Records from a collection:
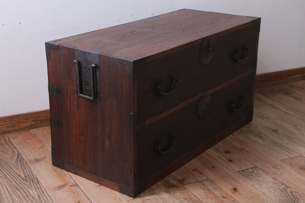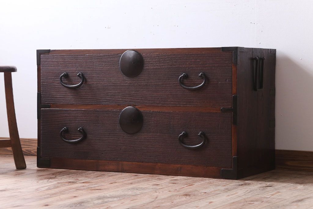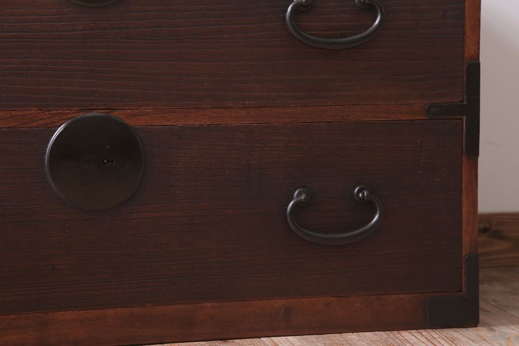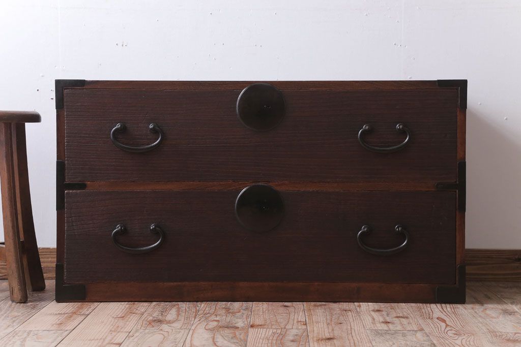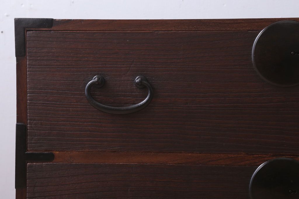 アンティーク家具 和製アンティーク 上手物 シンプルな丸金具の総桐箪笥ローボード(衣装箪笥・時代箪笥、桐たんす)(2)
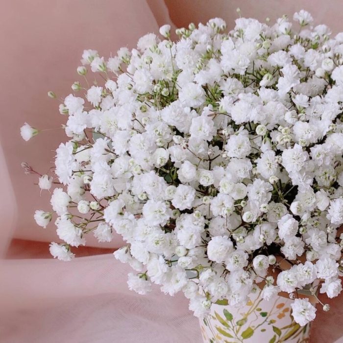 “Сиреневый туман” – композиция из гипсофилы в шляпной коробке
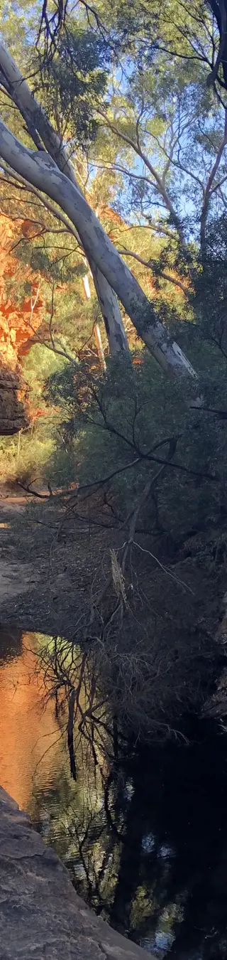 Auf halber Strecke zwischen Alice Springs und dem Uluru erlebst du eine faszinierende Schluchtwanderung. Auf anspruchsvollen Pfaden erkundest du die bis zu 100 Meter hohen, roten Felswände, die einen atemberaubenden Ausblick bieten. Der Canyon Rim Walk führt dich zudem zu einem Teich, an dem du in den Morgen- und Abendstunden Tiere beim Trinken beobachten kannst.
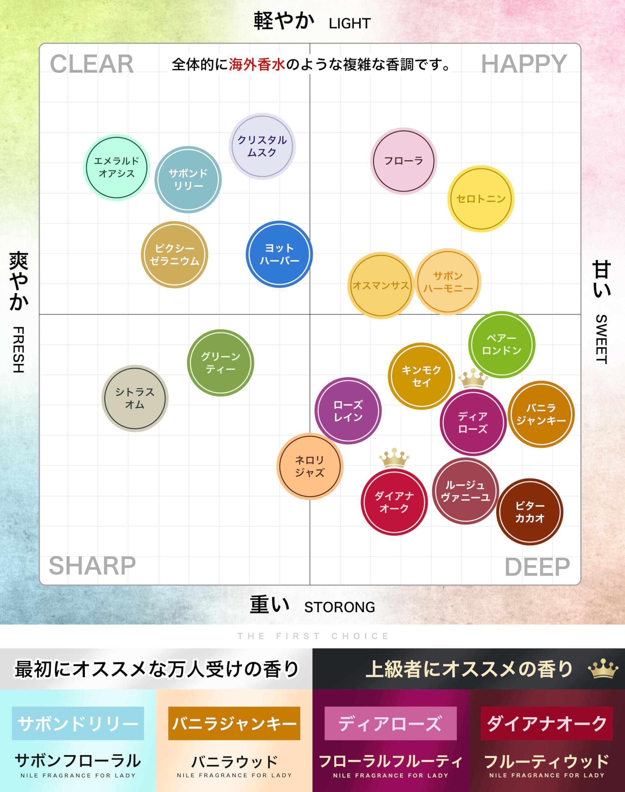 【高賦香率の芳醇なフレグランス】香りの織りなすハーモニーの余韻を味わってもらうため賦香率の濃度を高めました。1つ1つのオードトワレに秘められたストーリーをお楽しみ下さい。
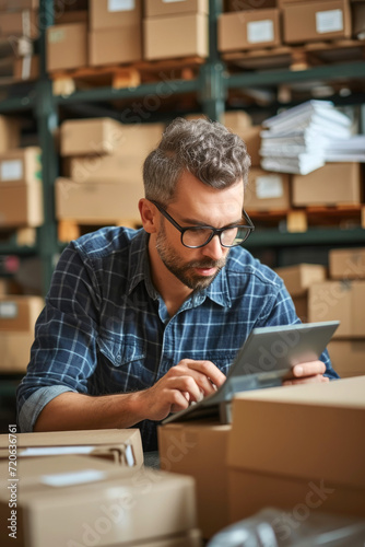 An entrepreneur calculating taxes on a digital device, warehouse boxes background
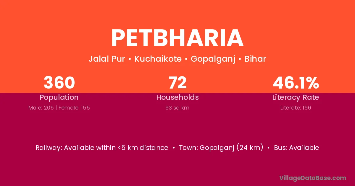 Gopalganj (24 km) is the nearest town to Petbharia village for major economic activities and is located approximately 24 km away.
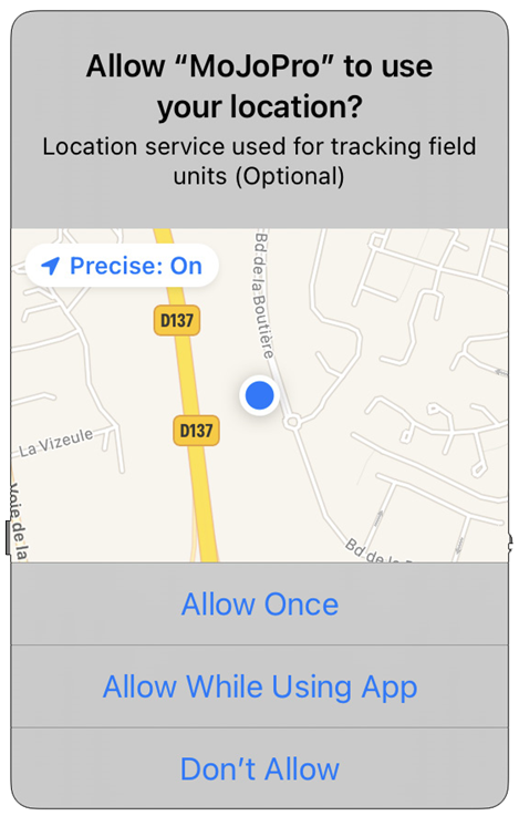 Decide which way you will allow MoJoPro to access to your photos and your phone location
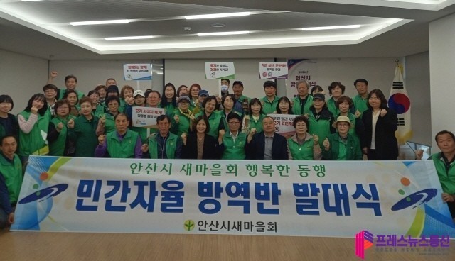 | ▲지난 27일 단원보건소에서 진행된 '민간 자율방역반 발대식'에서 기념촬영을 하고 있다.(사진=안산시) |

■ Description of the task ■
Line by line and exactly, reproduce the span from the line with "Gopalganj (24 km)" through the end of the data above, both ends included, with pictures left out.

■ Final answer ■
 Gopalganj (24 km) is the nearest town to Petbharia village for major economic activities and is located approximately 24 km away.
 Decide which way you will allow MoJoPro to access to your photos and your phone location
 | ▲지난 27일 단원보건소에서 진행된 '민간 자율방역반 발대식'에서 기념촬영을 하고 있다.(사진=안산시) |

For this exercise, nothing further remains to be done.